Thank you Lars! Two brief replies:
1. Thanks to you and Birgitte for the clarification about Wikidata. It's looks
like that isn't the place to go, but on the other hand what has been suggested
here about Mediawiki supporting TEI in the future could open a lot of doors. I
would really like to know where to go and who is involved in that.
>I personally think that simple scanning and proofreading is
>the activity where we can most easily grow Wikisource. Since
>the job is mostly non-intellectual, many people can be
>instructed to help, without creating edit wars...
>Translation or scholarly
>editing requires more coordination and takes more time for
>a larger work than the sum of the parts.
2. It's important to emphasize that what I was writing about wasn't something
theoretical, but something that has already been happening for years at Hebrew
Wikisource. We have been doing both critical editions and scholarly editing,
have had much fruitful discussion and collaboration, and never even once has
there ever been an edit war. Work on projects like these is indeed slower than
the process of scanning and proofreading, but the final product is often a much
more valuable contribution to the public. (The public domain scan was already
available anyway.

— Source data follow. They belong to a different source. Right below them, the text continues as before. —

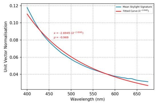 The skylight measure is obtained by a non-linear least squares curve fitting of the relative scattering model λ−x to the averaged skylight signature captured by the FR spectroradiometer. The curve fit function is applied in the Python SciPy model (scipy.optimise.curvefit) using the Levenberg–Marquardt fitting model []. The curve-fitting result will provide the best fit Angstrom-law exponent x for the relative scattering model λ−x to generate a scatter vector that matches the experiment conditions. Using Equation (1), we convert the reference scatter vector to unit form but instead of using the 400–700 nm wavelength range, we adopt the upper wavelength limit of Smax mentioned previously
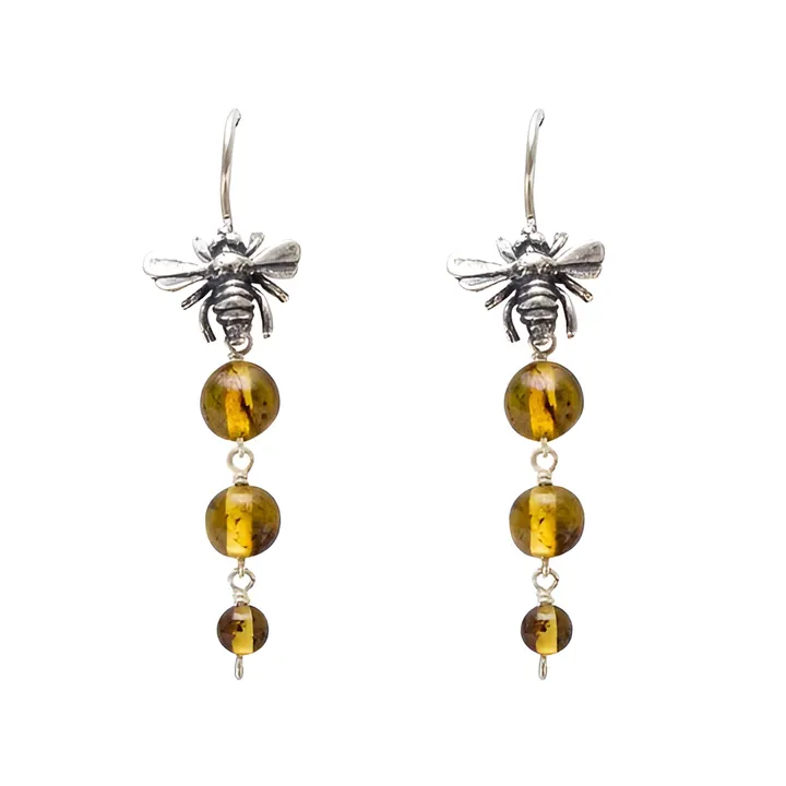 Aretes Abejitas Derramando Miel|蜂のピアス(シルバー・アンバー・天然石)
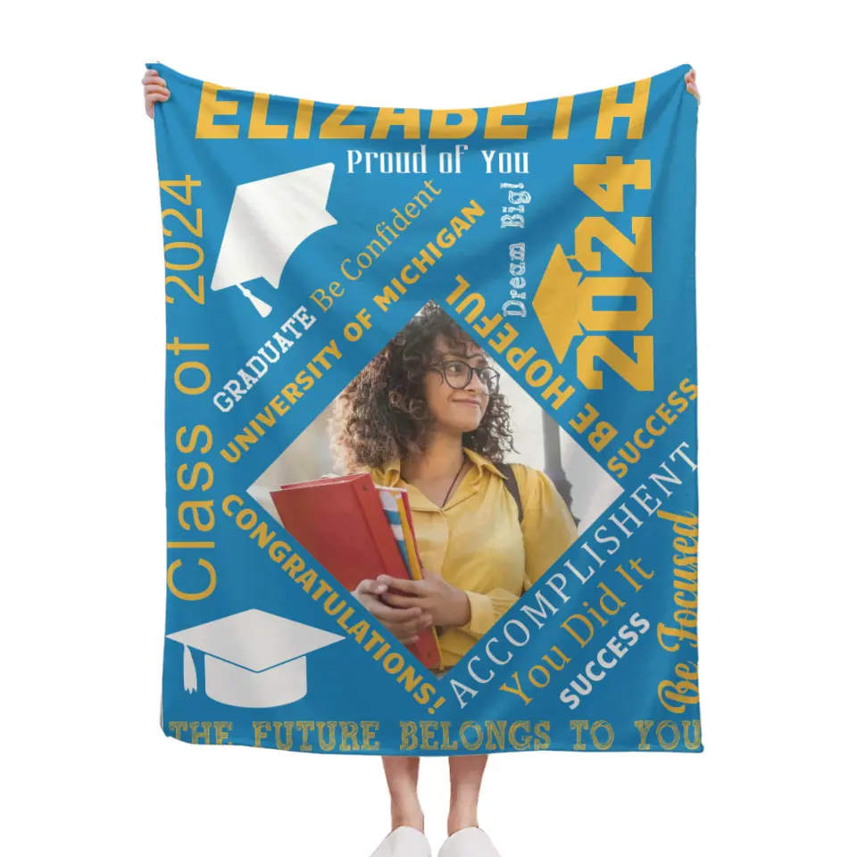 Couverture personnalisée, couverture de classe de 2024, cadeau de remise des diplômes universitaires pour elle ou lui
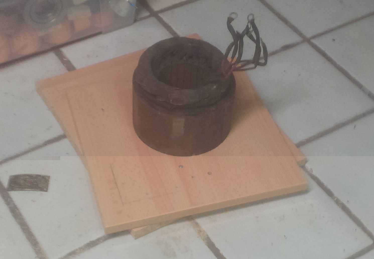 Zum "komisch aussehenden Brett": Habe einfach in eine alte Tischplatte 2 Löcher mit einem Durchmesser von ca. 175mm geschnitten und die beiden teile aneinander geschraubt sodass die wicklung ohne Schaden an den drähten eingeschlagen werden konnte.
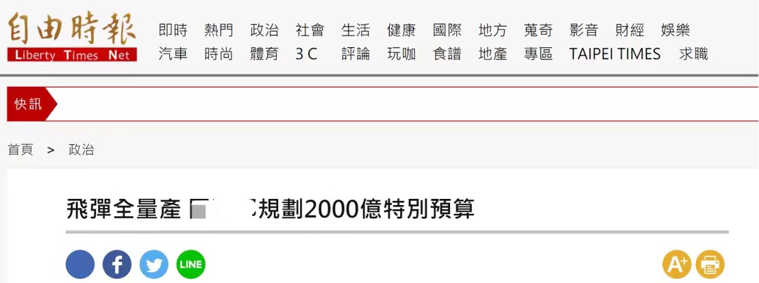 報道稱,為應對兩岸局勢變化,希望“中科院”各類型精準遠程飛彈能夠提前量產,台軍因此提出這項特別預算案。報道還介紹稱,這項所謂特別預算案名稱尚未確定,而其規模將達兩千餘億元新台幣,其重點將在於產製具有“源頭打擊”能力的飛彈和造艦經費,全案將送行政院審議,尚未核定。
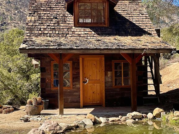 This Off the Grid Mountain Homestead is nestled in the mountains of Onyx with almost 44 acres of land. 2 Bed 2 Bath cabin/house is complete with its own solar for power, propane for heating, cooking, and refrigerators, and well for water and septic. As you walk through the front door you are greeted by the rustic dining/kitchen area. This quaint kitchen is equipped with a propane gas stove for cooking, and 2 gas refrigerators. Pantry for storage. Large living area with a wood burning stove surrounded by gorgeous rock and vaulted hard wood tongue and groove ceilings which gives a warm rustic feel. Large master bed w/ attached bath and walk-in closet. Bedroom 2 with guest bath close by. Indoor laundry room. Just outside you will find a small pond that is filled by the well water, adjacent to an enchanting small cabin with a wood burning fireplace to heat the up & downstairs. There are a few small out buildings for storage and shade. Property has its own fire hydrant. This place has pretty mountain views, trees, and wildlife that visits throughout the year. If you want a hidden gem to live full time or a cabin to get away for the weekend with a large amount of land, this is the place
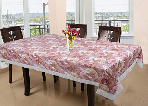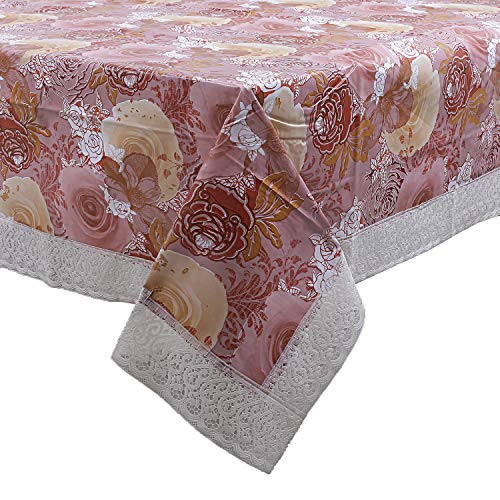 Kuber Industries Flower Design PVC 6 Seater Dining Table Cover – Brown & Brocade Silk Jewellery Kit, Red (CTKTC588) Combo
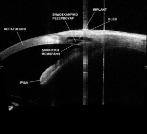Εικόνα 2: OCT τομογραφία προσθίου ημιμορίου οφθαλμού ασθενούς που υποβλήθηκε σε επέμβαση εν τω βάθει σκληρεκτομής (εικόνα από το προσωπικό μας αρχείο επεμβάσεων).

But where once a reliable edition was copyrighted and
unavailable, now an even better edition is available online under a free
license!)
I would suggested learning from our experience, and looking at your own
Wikisource with a generous eye that values many different types of
collaboration on texts towards building a useful free library for the public.
While you and others are proofreading, be appreciative at the same time towards
others who are editing in other ways.